ABOUT THIS EXERCISE:
A full, exact copy of the listing is needed, with images omitted.

§

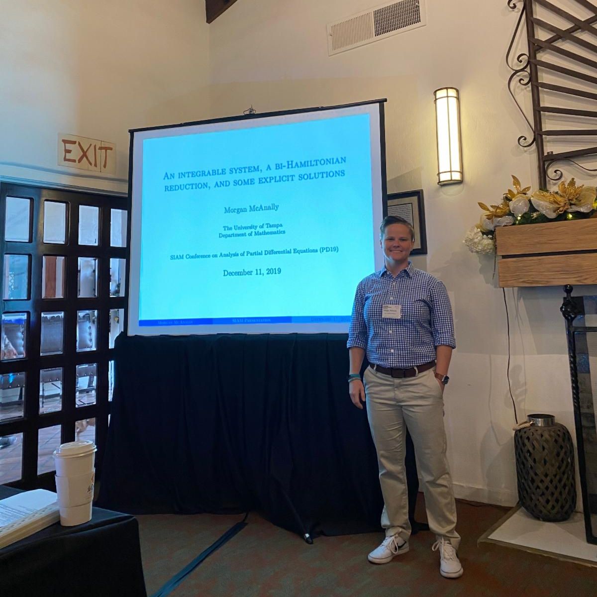 McAnally presented "A Integrable Hierarchy, a Bi-Hamiltonian Reduction, and Some Explicit Solutions" at the Society for Industrial and Applied Mathematics (SIAM) Conference on Analysis of Partial Differential Equations that was held in LaQuinta, CA on December 11 - 14, 2019. McAnally also served as Chair of the session titled "Equations of Mathematical Physics and Other Applications I."
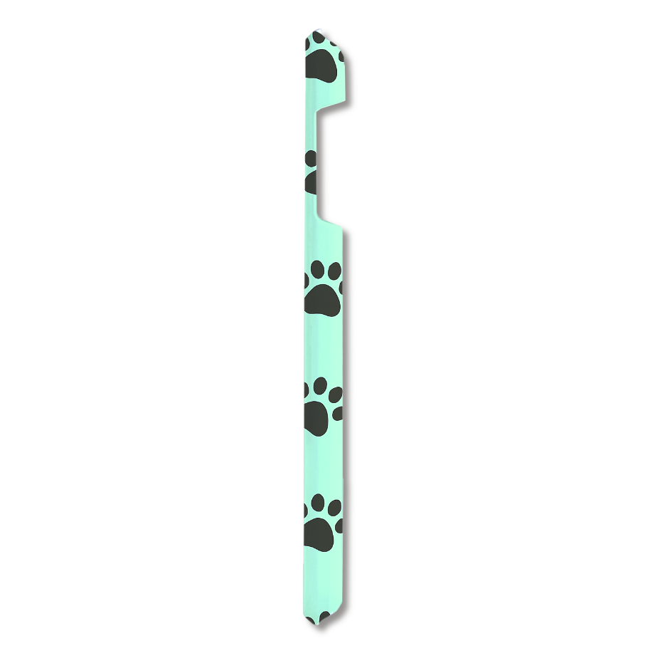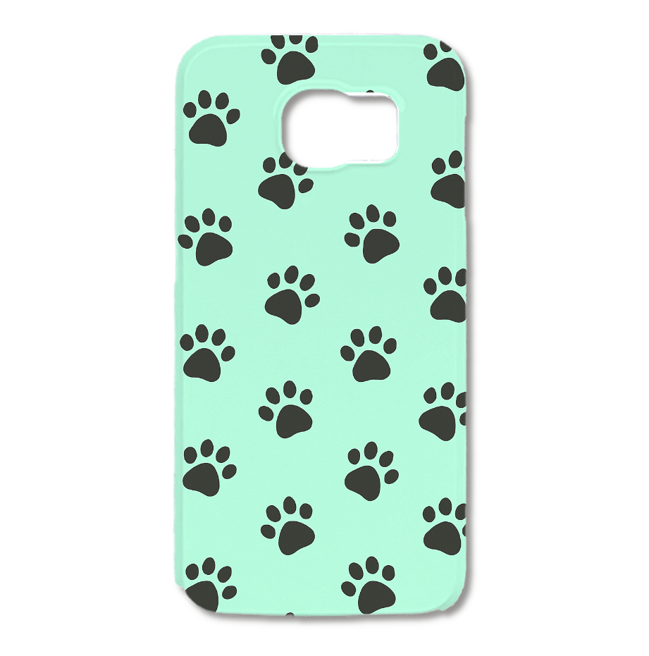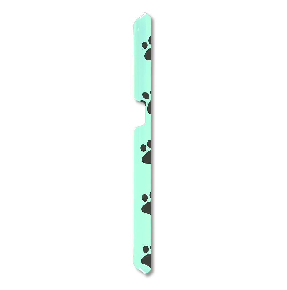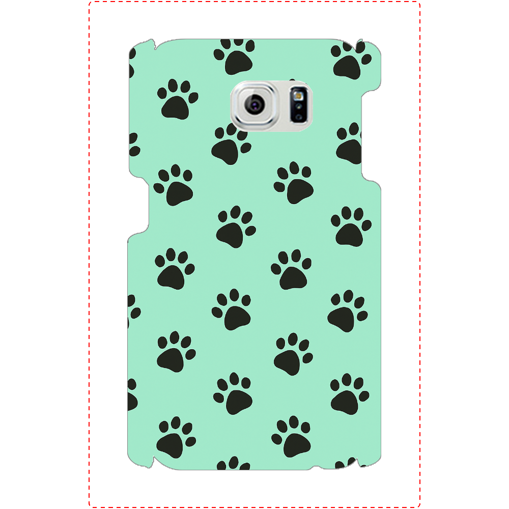 エメラルドグリーンの背景に黒い肉球模様を散りばめた、キュートで癒し感たっぷりのスマホケース。
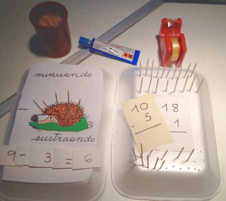 Escogeremos dos tarjetas con números y colocaremos la que tenga el mayor en primer lugar y a continuación pondrán sobre el erizo tantos pinchos como el número nos indica y luego ponemos la otra tarjeta tras el símbolo de la resta y deberán quitar tantos pinchos como indique el número, entonces finalmente, los peques deberán contar cuantos quedan y escribirlo en la etiqueta en blanco que también les habremos dado para que la coloquen en el lugar del resultado.
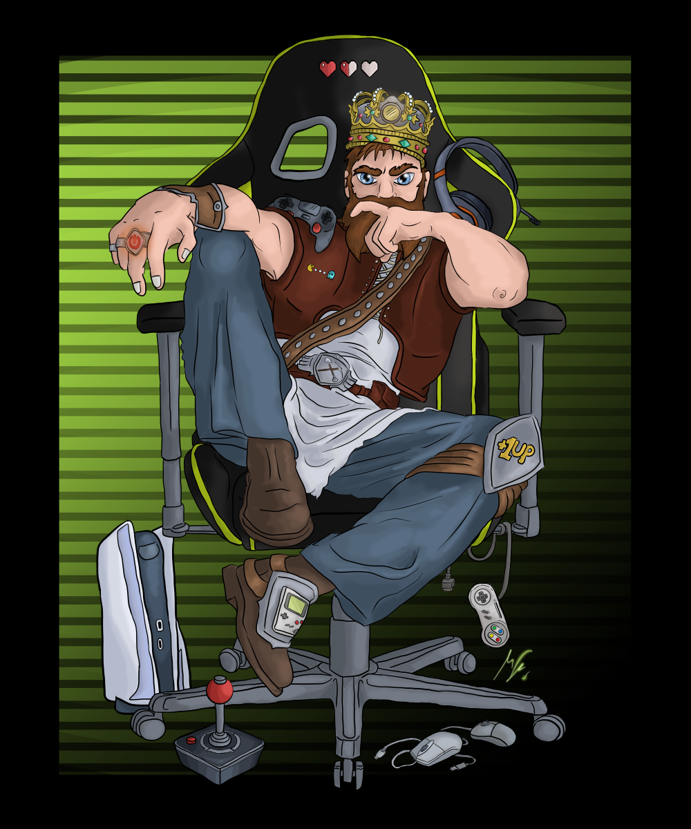 I had so much fun to draw this and I love the result. I'm so proud of myself ^_^This was a reward gift for Twitch channel points on a friend's Twitch channel. It's himself, our dwarven gamer Der_Spielzwerg sitting in his throne of games, showing off his ... "skills" ... well, it's something :P I had so much fun to draw this and I love the result. I'm so proud of myself ^_^0 Comments 0 Shares 23 Views -
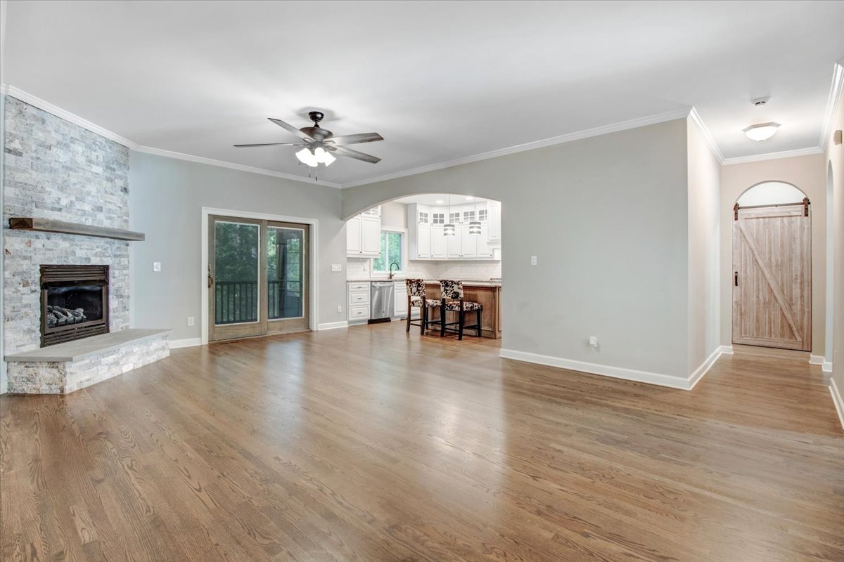 THIS IS THE ONE! This HUGE Ranch on 1.3 Acres Has Something For Everyone! NO HOA! NEW ROOF 2023! Glorious Oak Hardwoods Throughout the First Floor Living Areas - Custom Stone Wall Fireplace in the Living Room, GORGEOUS Custom Renovated Chef's Kitchen Featuring Custom Cabinets, Premium Granite, GAS Cooktop, Wall Oven, Large Pantry, BRAND NEW GE Appliances - Refrigerator Included! Crown Molding Throughout - Formal Dining Room AND Separate Office - First Floor Owner's Suite Features HUGE Walk-In Closet, Tiled Shower & Garden Tub. Laminate Flooring in First Floor Bedrooms. Custom Drop Zone & Laundry Space Leading In From Garage. Upstairs You Will Find OODLES More Space Including a GIGANTIC Recreation Room, FULL Bathroom, & THREE MORE ROOMS That Could Be Used For Crafts, School Room, Home Gym, Guests - You Name It!! If You Love Privacy You Will Love This Yard - Screen Porch Overlooking Nature - Seller Confirmed There Is Room To Add a Backyard Oasis With a POOL - The Sky Is The Limit! Small Fenced Area For Pets, Wander Around Near the Community Pond Next Door. Septic Field Is Off-Site. This is a must see home!
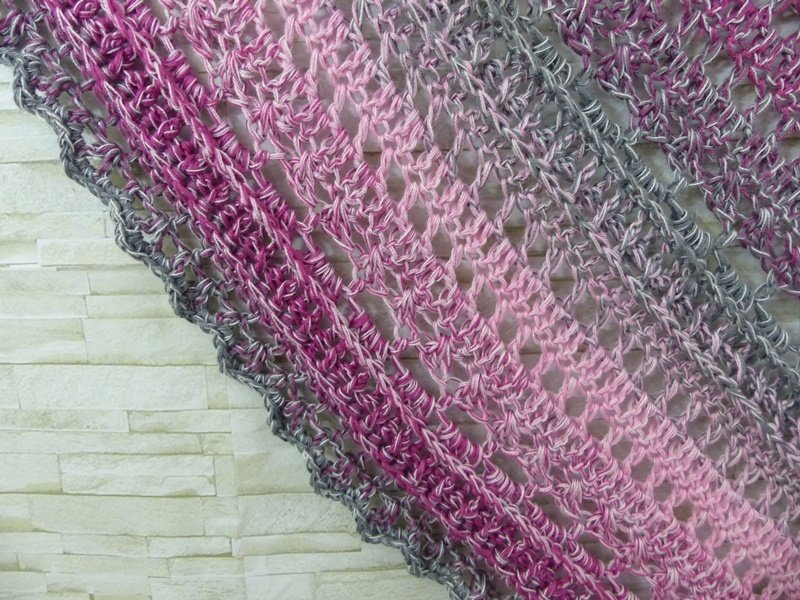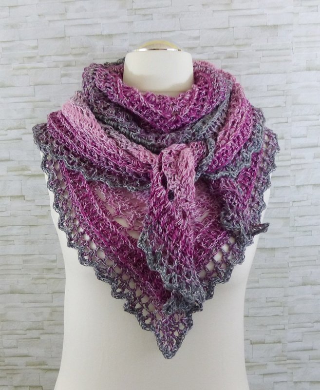 Das Häkeltuch kann mit ganz unterschiedlicher Wolle gehäkelt werden. Bei Verwendung von Lacegarn wird das Dreieckstuch filigran und somit leicht & locker. Baumwolle / Mikrofaser können ideal für ein Sommertuch verwendet werden. Für den Herbst/Winter empfiehlt sich auch Sockenwolle / dünner Merino-Schurwolle.

§

REPLY:
 McAnally presented "A Integrable Hierarchy, a Bi-Hamiltonian Reduction, and Some Explicit Solutions" at the Society for Industrial and Applied Mathematics (SIAM) Conference on Analysis of Partial Differential Equations that was held in LaQuinta, CA on December 11 - 14, 2019. McAnally also served as Chair of the session titled "Equations of Mathematical Physics and Other Applications I."
 エメラルドグリーンの背景に黒い肉球模様を散りばめた、キュートで癒し感たっぷりのスマホケース。
 Escogeremos dos tarjetas con números y colocaremos la que tenga el mayor en primer lugar y a continuación pondrán sobre el erizo tantos pinchos como el número nos indica y luego ponemos la otra tarjeta tras el símbolo de la resta y deberán quitar tantos pinchos como indique el número, entonces finalmente, los peques deberán contar cuantos quedan y escribirlo en la etiqueta en blanco que también les habremos dado para que la coloquen en el lugar del resultado.
 I had so much fun to draw this and I love the result. I'm so proud of myself ^_^This was a reward gift for Twitch channel points on a friend's Twitch channel. It's himself, our dwarven gamer Der_Spielzwerg sitting in his throne of games, showing off his ... "skills" ... well, it's something :P I had so much fun to draw this and I love the result. I'm so proud of myself ^_^0 Comments 0 Shares 23 Views -
 THIS IS THE ONE! This HUGE Ranch on 1.3 Acres Has Something For Everyone! NO HOA! NEW ROOF 2023! Glorious Oak Hardwoods Throughout the First Floor Living Areas - Custom Stone Wall Fireplace in the Living Room, GORGEOUS Custom Renovated Chef's Kitchen Featuring Custom Cabinets, Premium Granite, GAS Cooktop, Wall Oven, Large Pantry, BRAND NEW GE Appliances - Refrigerator Included! Crown Molding Throughout - Formal Dining Room AND Separate Office - First Floor Owner's Suite Features HUGE Walk-In Closet, Tiled Shower & Garden Tub. Laminate Flooring in First Floor Bedrooms. Custom Drop Zone & Laundry Space Leading In From Garage. Upstairs You Will Find OODLES More Space Including a GIGANTIC Recreation Room, FULL Bathroom, & THREE MORE ROOMS That Could Be Used For Crafts, School Room, Home Gym, Guests - You Name It!! If You Love Privacy You Will Love This Yard - Screen Porch Overlooking Nature - Seller Confirmed There Is Room To Add a Backyard Oasis With a POOL - The Sky Is The Limit! Small Fenced Area For Pets, Wander Around Near the Community Pond Next Door. Septic Field Is Off-Site. This is a must see home!
 Das Häkeltuch kann mit ganz unterschiedlicher Wolle gehäkelt werden. Bei Verwendung von Lacegarn wird das Dreieckstuch filigran und somit leicht & locker. Baumwolle / Mikrofaser können ideal für ein Sommertuch verwendet werden. Für den Herbst/Winter empfiehlt sich auch Sockenwolle / dünner Merino-Schurwolle.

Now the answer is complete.